What is required: The entries below contain pictures. Write out only the lines from the line with "16 Oct 2019" up to and including the line with "Sea Salt + Citrus: Our", exactly, without them.

Data records:
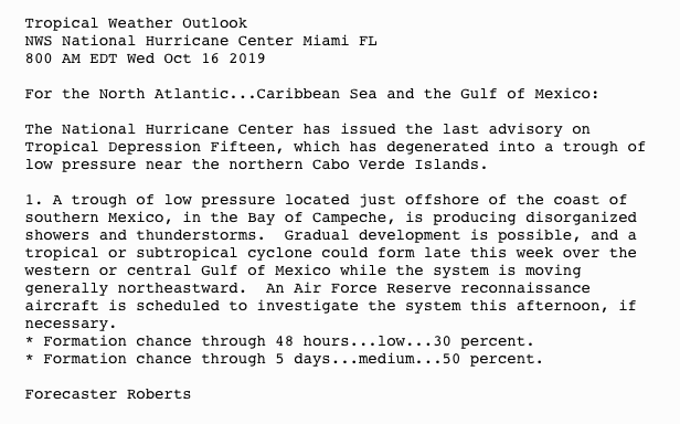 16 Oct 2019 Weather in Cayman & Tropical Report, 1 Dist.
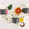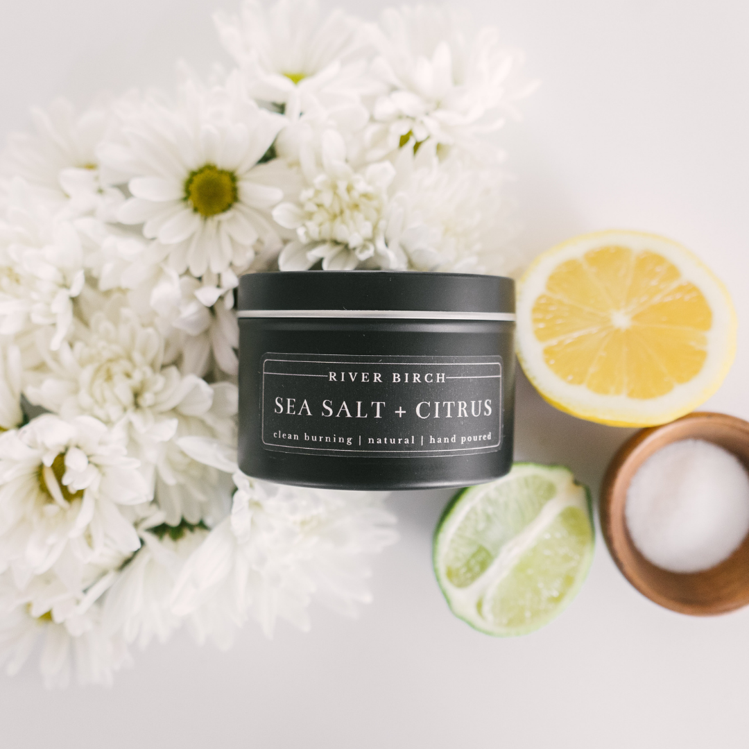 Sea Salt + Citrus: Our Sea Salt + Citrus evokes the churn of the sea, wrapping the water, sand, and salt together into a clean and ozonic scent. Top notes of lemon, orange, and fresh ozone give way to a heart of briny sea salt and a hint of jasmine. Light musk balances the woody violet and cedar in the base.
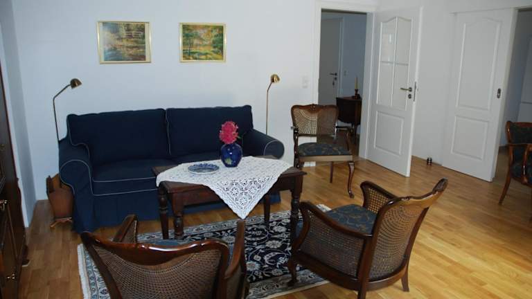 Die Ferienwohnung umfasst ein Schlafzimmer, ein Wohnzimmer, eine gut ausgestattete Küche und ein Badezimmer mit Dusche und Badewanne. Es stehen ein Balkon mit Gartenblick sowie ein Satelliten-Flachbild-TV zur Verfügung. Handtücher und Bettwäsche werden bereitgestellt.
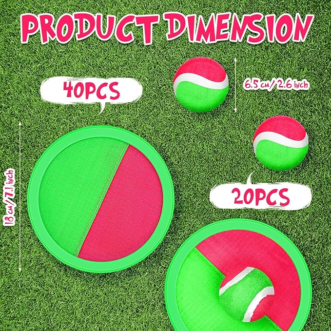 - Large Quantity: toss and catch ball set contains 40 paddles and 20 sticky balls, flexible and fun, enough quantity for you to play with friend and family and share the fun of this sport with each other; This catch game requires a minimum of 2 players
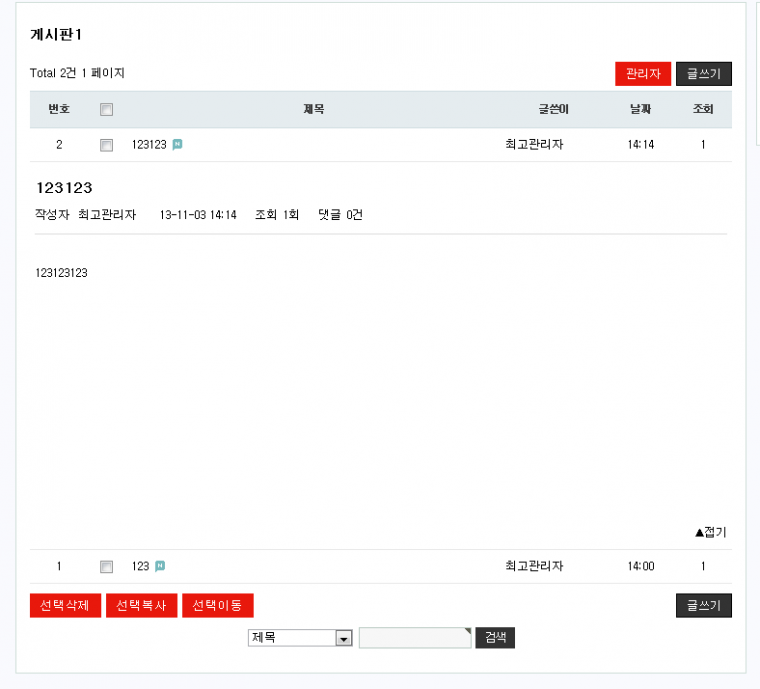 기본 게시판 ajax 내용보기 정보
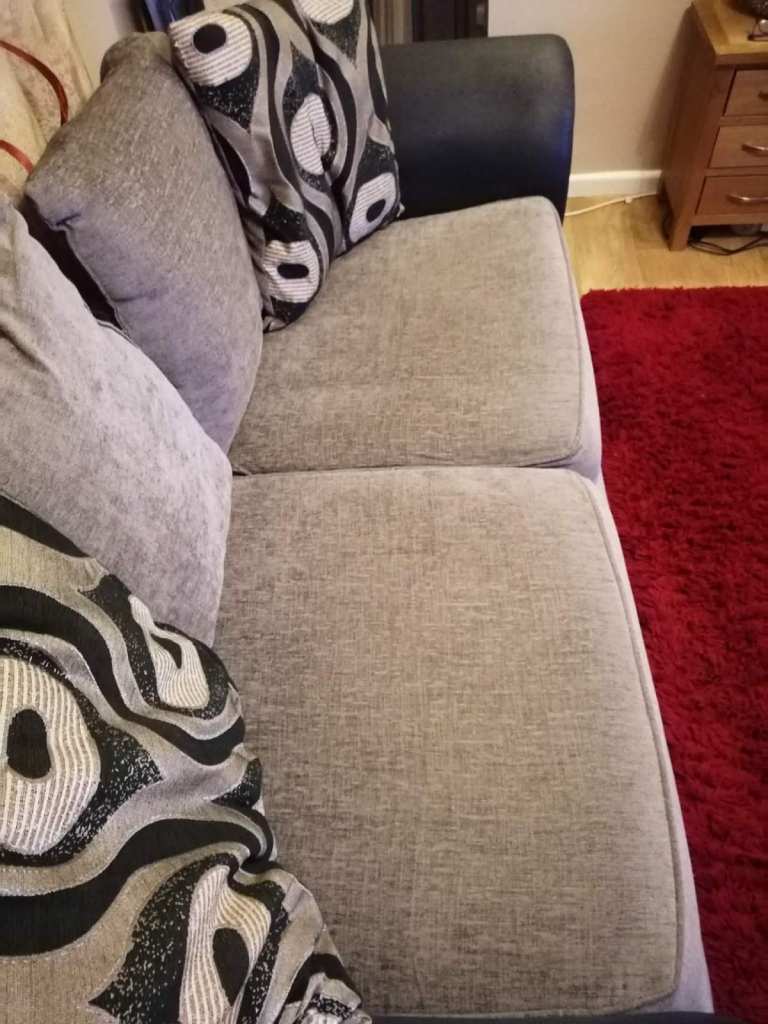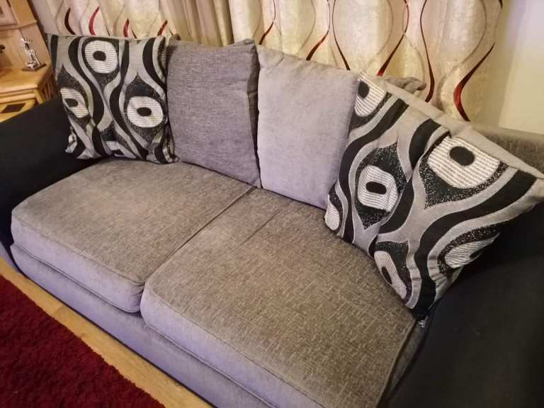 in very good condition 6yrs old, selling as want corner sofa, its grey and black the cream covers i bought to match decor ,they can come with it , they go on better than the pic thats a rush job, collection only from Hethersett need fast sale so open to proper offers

==

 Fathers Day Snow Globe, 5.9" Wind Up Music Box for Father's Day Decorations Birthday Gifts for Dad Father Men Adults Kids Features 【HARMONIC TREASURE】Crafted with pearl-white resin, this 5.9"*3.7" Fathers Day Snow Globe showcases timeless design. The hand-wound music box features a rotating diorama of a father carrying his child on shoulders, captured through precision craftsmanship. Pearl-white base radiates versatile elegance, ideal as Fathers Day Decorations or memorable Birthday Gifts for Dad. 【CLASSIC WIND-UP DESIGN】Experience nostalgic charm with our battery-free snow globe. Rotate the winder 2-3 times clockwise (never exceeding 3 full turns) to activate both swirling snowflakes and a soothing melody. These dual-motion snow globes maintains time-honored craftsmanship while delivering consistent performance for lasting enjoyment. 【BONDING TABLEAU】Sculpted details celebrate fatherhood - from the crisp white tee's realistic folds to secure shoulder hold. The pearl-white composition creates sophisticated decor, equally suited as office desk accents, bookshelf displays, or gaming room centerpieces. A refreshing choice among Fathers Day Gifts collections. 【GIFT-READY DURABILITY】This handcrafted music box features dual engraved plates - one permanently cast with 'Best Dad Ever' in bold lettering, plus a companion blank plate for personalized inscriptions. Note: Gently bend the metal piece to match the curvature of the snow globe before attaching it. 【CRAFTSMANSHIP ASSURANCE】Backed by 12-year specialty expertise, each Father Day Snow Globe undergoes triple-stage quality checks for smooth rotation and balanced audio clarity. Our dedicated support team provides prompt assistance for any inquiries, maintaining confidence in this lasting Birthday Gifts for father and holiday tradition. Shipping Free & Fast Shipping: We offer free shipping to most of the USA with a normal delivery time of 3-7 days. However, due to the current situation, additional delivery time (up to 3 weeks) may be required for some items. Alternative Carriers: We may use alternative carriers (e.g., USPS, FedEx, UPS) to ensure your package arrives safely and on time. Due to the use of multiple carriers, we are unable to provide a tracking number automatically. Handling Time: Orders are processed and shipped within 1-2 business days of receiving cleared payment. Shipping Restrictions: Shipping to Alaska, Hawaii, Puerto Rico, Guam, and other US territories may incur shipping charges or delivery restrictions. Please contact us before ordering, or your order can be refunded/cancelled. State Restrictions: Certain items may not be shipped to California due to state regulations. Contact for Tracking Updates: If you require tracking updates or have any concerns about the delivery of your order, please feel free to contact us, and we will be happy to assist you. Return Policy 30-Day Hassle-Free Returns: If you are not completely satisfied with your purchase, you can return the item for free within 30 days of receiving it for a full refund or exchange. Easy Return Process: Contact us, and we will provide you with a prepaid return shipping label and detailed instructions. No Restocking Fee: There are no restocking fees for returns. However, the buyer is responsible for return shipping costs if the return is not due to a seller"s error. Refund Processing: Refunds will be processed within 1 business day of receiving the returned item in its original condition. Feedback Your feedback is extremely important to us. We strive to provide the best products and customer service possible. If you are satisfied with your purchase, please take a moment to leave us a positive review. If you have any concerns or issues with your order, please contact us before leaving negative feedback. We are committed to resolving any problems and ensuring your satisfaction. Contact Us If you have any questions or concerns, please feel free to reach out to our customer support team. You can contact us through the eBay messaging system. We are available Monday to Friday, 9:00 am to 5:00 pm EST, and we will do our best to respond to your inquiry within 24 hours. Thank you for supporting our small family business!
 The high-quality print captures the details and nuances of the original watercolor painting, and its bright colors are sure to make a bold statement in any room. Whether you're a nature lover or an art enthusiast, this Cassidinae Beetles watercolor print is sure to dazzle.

--

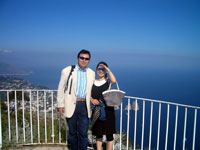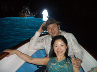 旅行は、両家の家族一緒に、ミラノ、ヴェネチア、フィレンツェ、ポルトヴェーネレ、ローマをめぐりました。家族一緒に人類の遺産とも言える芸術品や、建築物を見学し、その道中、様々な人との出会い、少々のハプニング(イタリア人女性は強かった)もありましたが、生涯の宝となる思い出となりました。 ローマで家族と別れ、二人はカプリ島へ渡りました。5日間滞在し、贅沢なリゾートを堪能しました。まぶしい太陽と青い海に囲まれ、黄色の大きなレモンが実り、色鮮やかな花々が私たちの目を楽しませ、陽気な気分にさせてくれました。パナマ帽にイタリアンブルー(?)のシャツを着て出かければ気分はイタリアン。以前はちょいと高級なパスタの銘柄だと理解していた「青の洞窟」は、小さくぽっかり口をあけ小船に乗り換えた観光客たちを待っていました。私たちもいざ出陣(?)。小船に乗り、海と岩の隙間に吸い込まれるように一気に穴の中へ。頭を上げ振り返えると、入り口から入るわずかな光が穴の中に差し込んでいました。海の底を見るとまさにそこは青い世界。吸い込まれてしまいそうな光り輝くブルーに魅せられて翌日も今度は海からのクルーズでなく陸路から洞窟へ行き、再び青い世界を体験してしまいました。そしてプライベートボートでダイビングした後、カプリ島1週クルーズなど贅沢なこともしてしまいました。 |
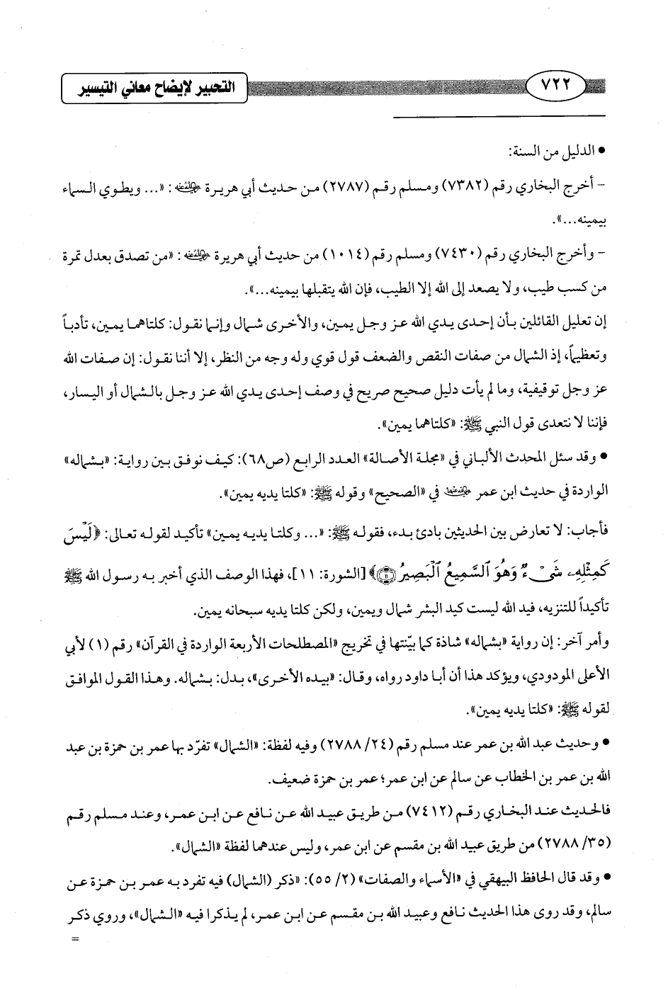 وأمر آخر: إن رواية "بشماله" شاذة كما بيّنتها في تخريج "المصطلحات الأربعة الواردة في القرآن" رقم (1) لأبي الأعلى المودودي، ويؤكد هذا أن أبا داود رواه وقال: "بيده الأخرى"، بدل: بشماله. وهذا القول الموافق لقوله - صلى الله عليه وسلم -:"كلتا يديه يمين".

Your response:
 16 Oct 2019 Weather in Cayman & Tropical Report, 1 Dist.
 Sea Salt + Citrus: Our Sea Salt + Citrus evokes the churn of the sea, wrapping the water, sand, and salt together into a clean and ozonic scent. Top notes of lemon, orange, and fresh ozone give way to a heart of briny sea salt and a hint of jasmine. Light musk balances the woody violet and cedar in the base.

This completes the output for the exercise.